You'll have extra luck for the new year if you give money and gifts in sets of 8. Over Chinese New Year, it's quite lucky to give money in sums of 88 or 888 RMB. If you give fruits or other gifts to relatives, make sure to give them in sets of 8!

What is Chinese New Year kids facts? ›

It is a 15-day festival. The holiday begins with the new moon that occurs some time between January 21 and February 20 according to Western calendars. Festivities last until the full moon. Since the mid-1990s people in China have been given seven consecutive days off work during the Chinese New Year.

How old is Chinese New Year? ›

Chinese New Year has a history of about 3,500 years. Its exact beginning date is not recorded. Some people believe that Chinese New Year originated in the Shang Dynasty (1600–1046 BC), when people held sacrificial ceremonies in honor of gods and ancestors at the beginning or the end of each year.

Why is it called Chinese New Year? ›

The name 'Chinese New Year' likely originated from Western countries wanting to differentiate what the Chinese celebrate as New Year with their own. And the Chinese, being the biggest, and most widespread, ethnic group in the world, tend to be overrepresented among Asians.

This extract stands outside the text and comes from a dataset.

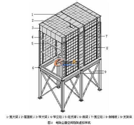 这样,由大跨度桁梁,屋面板,立柱,底梁,侧墙板,立柱支撑体和支架体组成的空间结构(图2),即可虚拟实现电除尘器的承载、密封并使其他部件在其空间安装定位。各平面刚架通过屋面板、侧墙板和底梁等纵向构件连在一起,形成一个大型虚拟空间刚架受力体系。

What are 4 symbols that represent Chinese New Year? ›

  • Lunar New Year Symbols. Red symbolizes joy, virtue, and sincerity which is why it is often the predominant color in many Chinese celebrations including the New Year one. ...
  • Red Envelops. ...
  • Zodiac Animals. ...
  • Fish. ...
  • Fireworks and Firecrackers. ...
  • Lantern. ...
  • Spring Couplet. ...
  • Fruit Blossoms.
Jan 18, 2022

Can we cut hair during Chinese New Year? ›

Leave your hair as it is on the first day of the New Year. The Chinese character for hair is the same first character in the word for prosper. This means washing or cutting it off is seen as washing your fortune away and dramatically reduces chances of prosperity in the year ahead.

Why is Chinese New Year important? ›

The New Year celebration is centred around removing the bad and the old, and welcoming the new and the good. It's a time to worship ancestors, exorcise evil spirits and pray for good harvest. Today it's celebrated also by Chinese communities outside the country.

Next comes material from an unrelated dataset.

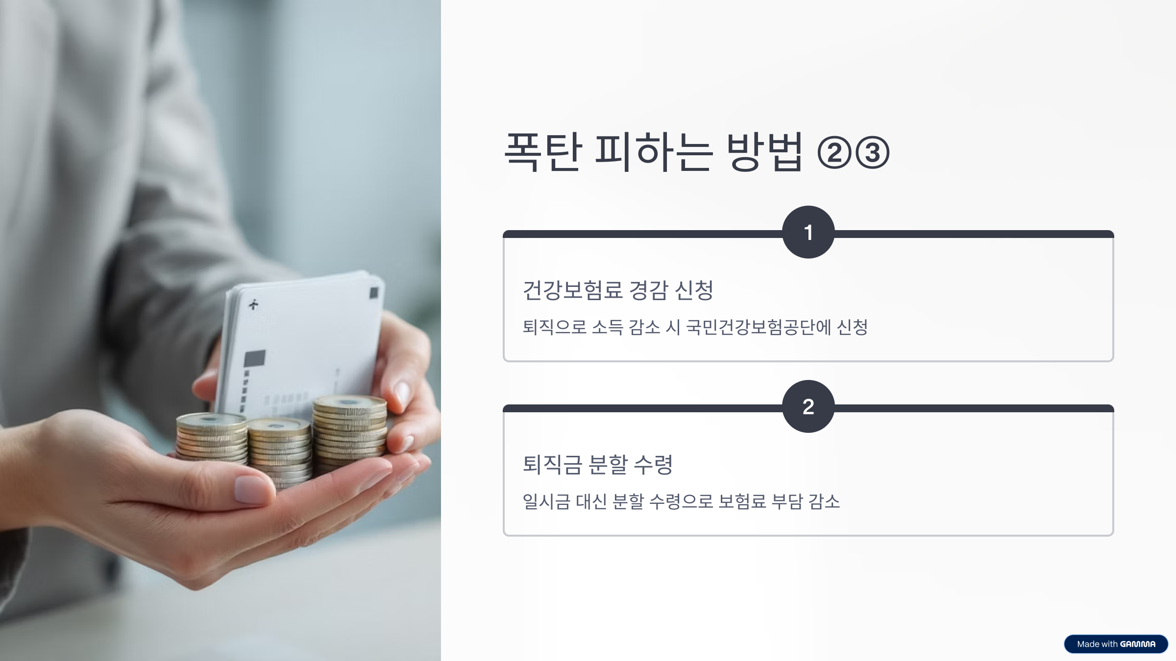 퇴직금을 한 번에 받으면 건강보험료 산정 소득에 포함되어 폭탄이 될 수 있습니다. 가능한 경우 퇴직금을 분할 수령해 보험료 부담을 줄이는 것도 방법입니다.

What are the 12 symbols of the Chinese New Year? ›

There are 12 Chinese zodiac signs, in the following order: Rat, Ox, Tiger, Rabbit, Dragon, Snake, Horse, Goat, Monkey, Rooster, Dog, and Pig. Each sign is named after an animal, and each animal has its own unique characteristics. Do you know why the 12 Chinese zodiac animals are in the sequence above?

What is the Chinese New Year called? ›

Lunar New Year, often called the Spring Festival or Chinese New Year, is the most important holiday in China and Chinese communities around the world.

Why is Chinese New Year 15 days? ›

Chinese New Year starts with the New moon on the first day of the first lunar month and ends on the Full moon 15 days later.

Is Chinese a birthday? ›

Chinese age is calculated differently

While for most people around the world, age at birth is calculated at zero, for the Chinese, being born means automatically turning one. Additionally, another year is added to a Chinese person's age on his or her first Lunar New Year's Day.

How old is my Chinese zodiac? ›

The Chinese zodiac consists of twelve animals that first appeared in the Zhan Guo period [5th century B.C.]. No one knows the exact date as of when the zodiac was essentially created, but they were officially identified during the Han Dynasty [206 B.C.–9 A.D.], which was over 2000 years ago.

Who invented the Lunar New Year? ›

In 104 BCE Emperor Wu of the Han dynasty (206 BCE to 220 CE) approved a calendar reform that fixed the beginning of the year on the day of the first new moon after the sun enters the 11th sign of the solar zodiac, or the second new moon after the winter solstice.